To compare the pangenome bHLH analyses with the reference-genome-based approach, the numbers of bHLHs from each subfamily present in Morex were counted and compared. Only 13 subfamilies (SF01, SF04, SF05, SF07, SF08, SF09, SF11, SF12, SF14, SF23, SF25, SF26, and SF31) had equal gene numbers between the barley pangenome and the reference genome (Table 1). By contrast, more members of the remaining 10 subfamilies (SF02, SF03, SF10, SF13, SF15, SF16, SF24, SF27, SF28, and SF_like) were identified in the pangenome than in the reference genome. The former 13 subfamilies (mainly core bHLHs) tended to be more conserved, whereas the latter 10 subfamilies contained more dispensable bHLHs (Figure 2).
Interestingly, the dispensable bHLHs were not distributed evenly among different subfamilies but were enriched in a few specific subfamilies, particularly in SF13, SF27, and SF28 but also in SF02 and SF_like (Figure 2). Within SF13, SF27, and SF28, the dispensable bHLHs tended to form sister clusters (SF13b, SF27b, and SF28b in Figure 2) and may represent genes under active duplication and selection. The enrichment of dispensable bHLHs in specific subfamilies suggests that expansion of the bHLH gene family in barley may be biased toward the evolution of specific biological functions and genetic adaptation to specific environmental conditions.
Analysis of protein motifs and gene structures
To further investigate the evolutionary relationships and expansion patterns of bHLHs in barley, we analyzed protein motifs and gene structures of the bHLH OGGs. Overall, we observed that bHLHs with close evolutionary relationships had similar protein motifs (Supplemental Figure 1A) and gene structures (Supplemental Figure 1B). bHLHs within the same subfamily tended to have comparable protein lengths, but their gene lengths could vary significantly, mainly because of differences in intron regions. The protein sequence lengths of bHLHs in some subfamilies, such as SF01, SF02, SF05, SF07, SF24, SF25, and SF31, also varied greatly, mainly owing to protein regions outside the bHLH domain. Motif 1 and motif 2 belonged to the bHLH domain (Supplemental Data 9) and were generally conserved, except in SF13b, in which motif 1 was replaced with motif 7. The latter motif was also recognized as the bHLH domain, albeit with lower significance. In addition, 6 newly predicted bHLHs in SF28b (4), SF31 (1), and SF01 (1) contained only partial motif 1 or motif 2 and were not annotated (Supplemental Figure 1A). Three of these 6 newly predicted partial bHLHs (HLHg324, 10350_HLHg168, and HLHg063) were core bHLHs. In addition, 10 bHLHs from SF03 (2), SF08 (1), SF24 (1), SF27b (1), and SF28b (5) contained either motif 1 or motif 2 only (Supplemental Figure 1A). Out of the 21 newly predicted representative bHLHs (Supplemental Data 7), 14 were found to contain complete bHLH domains (Supplemental Figure 1A). The functions of these newly predicted bHLHs will need to be investigated in future studies. Most of the dispensable bHLHs were found to share similar protein-motif profiles with the core bHLHs in the same subfamily.

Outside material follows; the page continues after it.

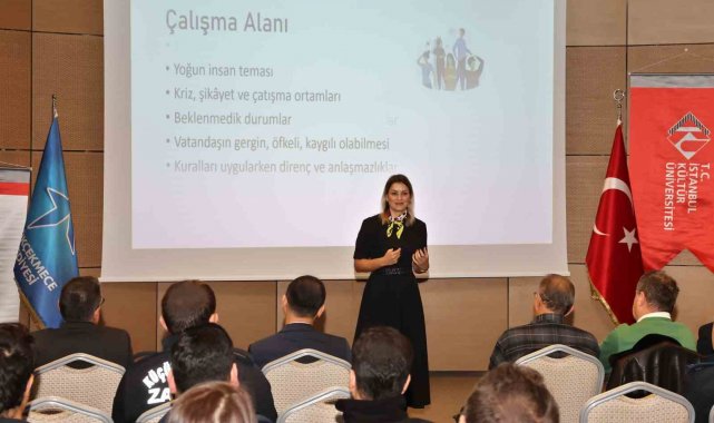 Küçükçekmece Belediyesi, personelin mesleki gelişimine katkı sağlamak amacıyla eğitimler düzenlemeye devam ediyor. Bu çerçevede Belediye Çok Amaçlı Salonu'nda zabıta personeline yönelik iki gün boyunca 'İletişim Eğitimi' gerçekleştirildi. İnsan Kaynakları ve Eğitim Müdürlüğü'nce düzenlenen eğitimde; Doç. Dr. Burcu Türk ve Dr. Öğr. Üyesi Ezgi Özkan stres ve öfke yönetimi, Prof. Dr. Işıl Zeybek etkili iletişim teknikleri ve Dr. Öğr. Üyesi Serkan Seyhan hukuki yetkiler gibi konularda zabıta personeline ayrıntılı bilgi verdi.

In contrast to motif 1 and motif 2, the other motifs tended to be subfamily specific. Motif 10 was present mainly in the upper half of the phylogenetic tree but missing in the lower half. Motif 9 was strictly conserved in SF25, SF26, and SF27 and partially conserved in SF01, SF05, SF07, and SF28. The position of motif 9 relative to motif 1 or 2 could change depending on the specific gene. Motif 8 is strictly conserved in SF12 and SF_like and is present in 2 additional bHLHs from SF10 and SF13. The exchange of these motifs across different subfamilies may imply potential protein recombination during bHLH evolution. Interestingly, motifs 7, 4, 3, 6, and 5 seem to be unique to and highly conserved in the dispensable bHLHs of subfamily SF13b and may thus represent a novel type of SF13 under active evolution. In contrast to the unique motifs in SF13b, the dispensable bHLHs in SF27b seemed to be shorter and truncated (missing motif 9) versions of SF27 and were also highly conserved. By contrast, the dispensable SF28bs were more likely to have a partial bHLH domain and were less conserved. These dispensable bHLHs deserve special attention in future studies of gene function.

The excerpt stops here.